WHAT NEEDS TO BE DONE: Each line from the one containing "图为校领导与龙狮互动 摄影:芮雨欣" to the end of the material below is to be restated exactly, with pictures skipped.

DATA SHOWN:
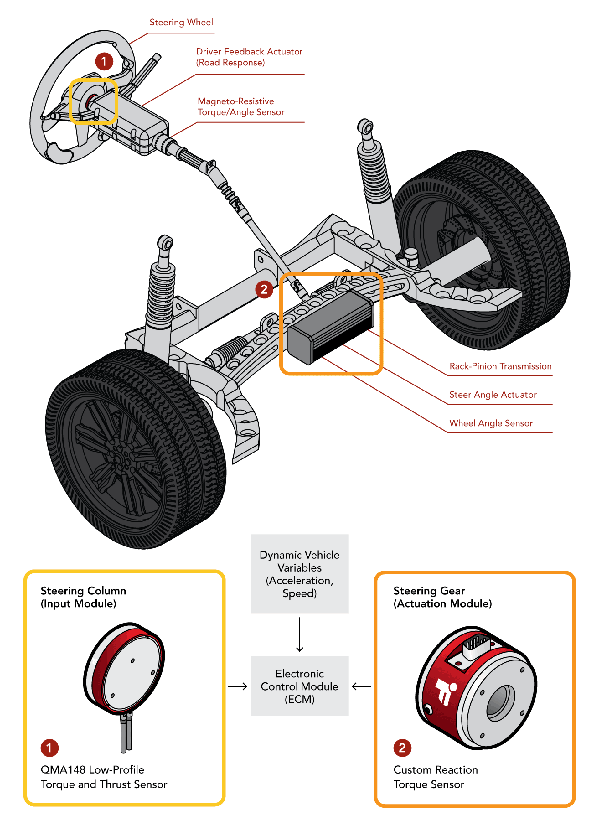 2、转向器/驱动模块:在产品设计验证期间,控制工程师需要测量施加到齿条和小齿轮传动装置(驱动模块)的驱动扭矩。这确保了扭矩控制回路的正确校准。MK网官方站网页版_MK(中国)的TFF系列静态扭矩传感器可以安装在转向角执行器,以测量实际施加的致动扭矩,并通过额外的扭矩反馈正确校准驱动模块。
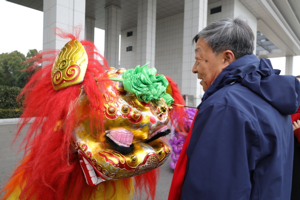 图为校领导与龙狮互动 摄影:芮雨欣
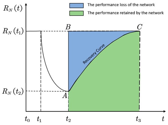Here, service resilience is defined as the ratio of the accumulated performance retained by the network from the moment of node failure to the moment of returning to normal, to the accumulated performance of the network over an equivalent duration under normal conditions. That is, service resilience is the ratio of the green area to the sum of the blue and green areas in Figure 5.
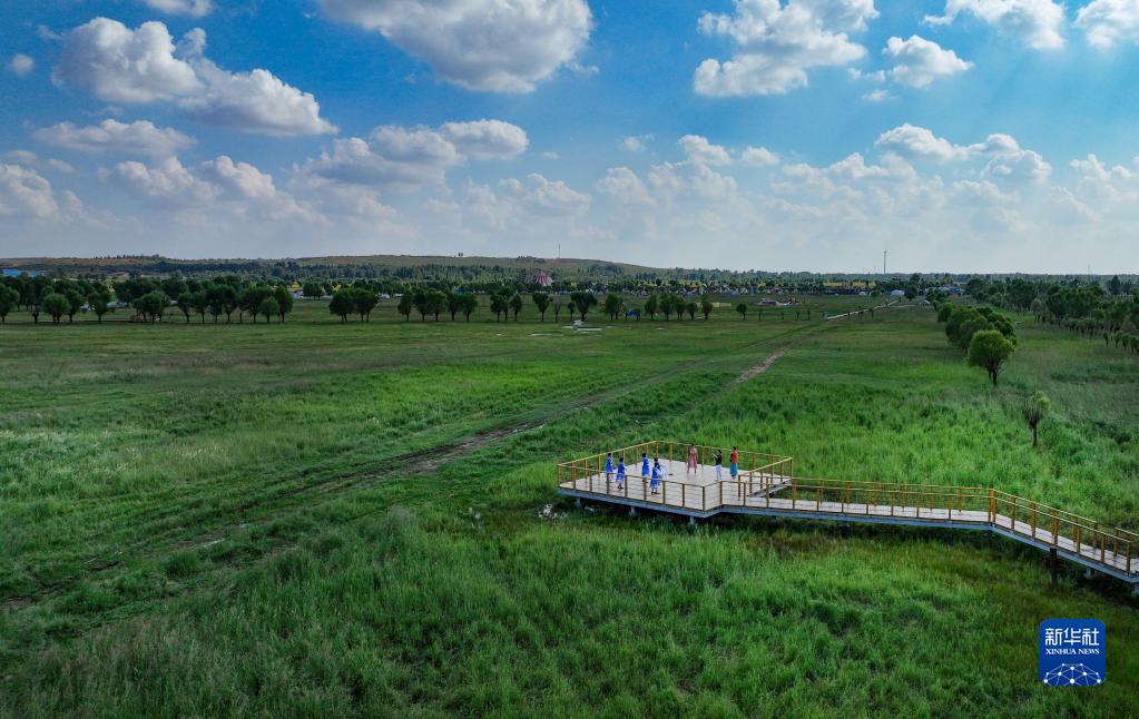 8月5日,游人在爾林兔大草原游玩。

EXERCISE RESULT:
 图为校领导与龙狮互动 摄影:芮雨欣
Here, service resilience is defined as the ratio of the accumulated performance retained by the network from the moment of node failure to the moment of returning to normal, to the accumulated performance of the network over an equivalent duration under normal conditions. That is, service resilience is the ratio of the green area to the sum of the blue and green areas in Figure 5.
 8月5日,游人在爾林兔大草原游玩。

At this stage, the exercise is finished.